**The task:** Below, some lines carry pictures; leave those pictures out and retype exactly the lines from the one with "LIPTON TEE wird" through the one with "Kuva 2. Valtatien".

**Data for the task:**
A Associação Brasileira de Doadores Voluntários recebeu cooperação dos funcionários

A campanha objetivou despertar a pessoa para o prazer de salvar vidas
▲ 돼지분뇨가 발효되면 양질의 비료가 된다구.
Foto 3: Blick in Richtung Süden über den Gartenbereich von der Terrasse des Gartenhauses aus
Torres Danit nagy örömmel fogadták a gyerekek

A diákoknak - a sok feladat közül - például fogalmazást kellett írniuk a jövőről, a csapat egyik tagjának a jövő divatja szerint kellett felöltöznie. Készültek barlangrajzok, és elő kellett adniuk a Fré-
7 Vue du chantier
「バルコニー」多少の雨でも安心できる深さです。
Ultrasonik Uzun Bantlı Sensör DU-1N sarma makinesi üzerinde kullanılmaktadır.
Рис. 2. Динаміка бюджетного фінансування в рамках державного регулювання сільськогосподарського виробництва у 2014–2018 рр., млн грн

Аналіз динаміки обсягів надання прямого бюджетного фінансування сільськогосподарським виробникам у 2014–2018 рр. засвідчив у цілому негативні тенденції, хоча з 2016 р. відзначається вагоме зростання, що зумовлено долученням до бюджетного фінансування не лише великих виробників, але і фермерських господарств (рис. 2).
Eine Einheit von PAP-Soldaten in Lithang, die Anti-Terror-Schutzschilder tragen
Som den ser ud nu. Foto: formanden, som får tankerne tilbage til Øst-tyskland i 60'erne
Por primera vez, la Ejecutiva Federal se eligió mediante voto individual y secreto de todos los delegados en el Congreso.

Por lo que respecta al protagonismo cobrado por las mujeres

* * *

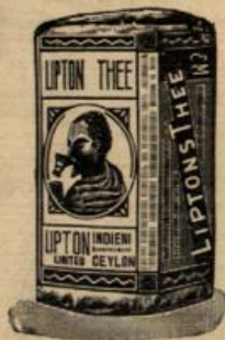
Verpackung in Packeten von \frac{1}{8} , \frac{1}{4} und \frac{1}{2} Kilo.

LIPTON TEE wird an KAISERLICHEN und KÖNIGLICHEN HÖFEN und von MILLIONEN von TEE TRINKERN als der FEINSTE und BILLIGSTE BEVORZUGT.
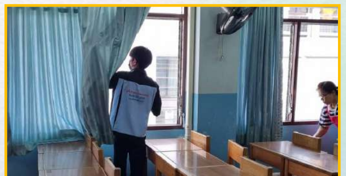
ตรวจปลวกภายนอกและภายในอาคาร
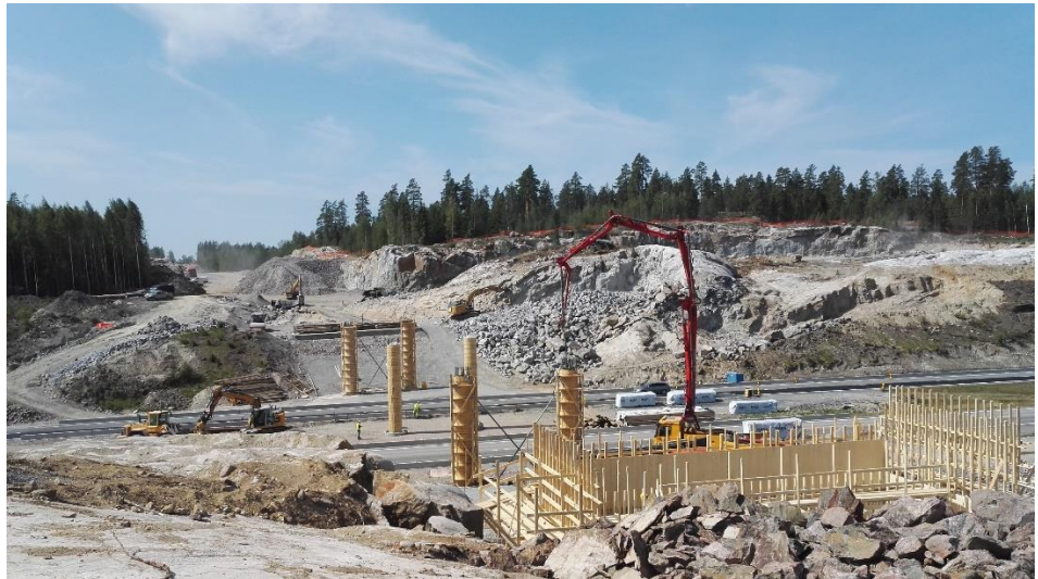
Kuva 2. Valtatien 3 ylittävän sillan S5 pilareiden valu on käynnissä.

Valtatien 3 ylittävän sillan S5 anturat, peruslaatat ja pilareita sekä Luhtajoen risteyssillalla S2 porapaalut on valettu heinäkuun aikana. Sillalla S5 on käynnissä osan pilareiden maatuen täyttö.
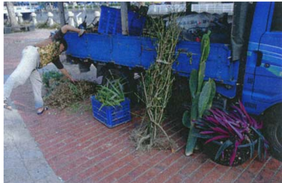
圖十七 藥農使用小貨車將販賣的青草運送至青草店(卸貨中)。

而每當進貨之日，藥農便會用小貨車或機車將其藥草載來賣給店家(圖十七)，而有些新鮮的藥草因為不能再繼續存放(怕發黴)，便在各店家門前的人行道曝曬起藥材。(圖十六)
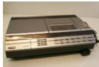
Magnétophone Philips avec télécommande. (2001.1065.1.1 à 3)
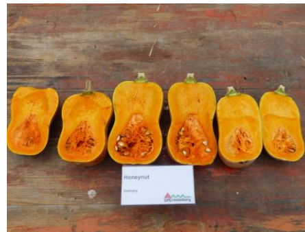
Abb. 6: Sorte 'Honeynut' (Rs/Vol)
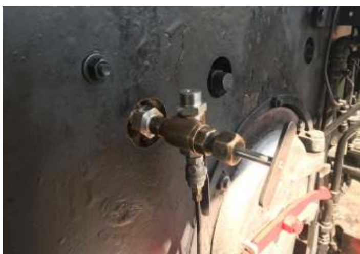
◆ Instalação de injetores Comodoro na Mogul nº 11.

**Response:**
LIPTON TEE wird an KAISERLICHEN und KÖNIGLICHEN HÖFEN und von MILLIONEN von TEE TRINKERN als der FEINSTE und BILLIGSTE BEVORZUGT.
ตรวจปลวกภายนอกและภายในอาคาร
Kuva 2. Valtatien 3 ylittävän sillan S5 pilareiden valu on käynnissä.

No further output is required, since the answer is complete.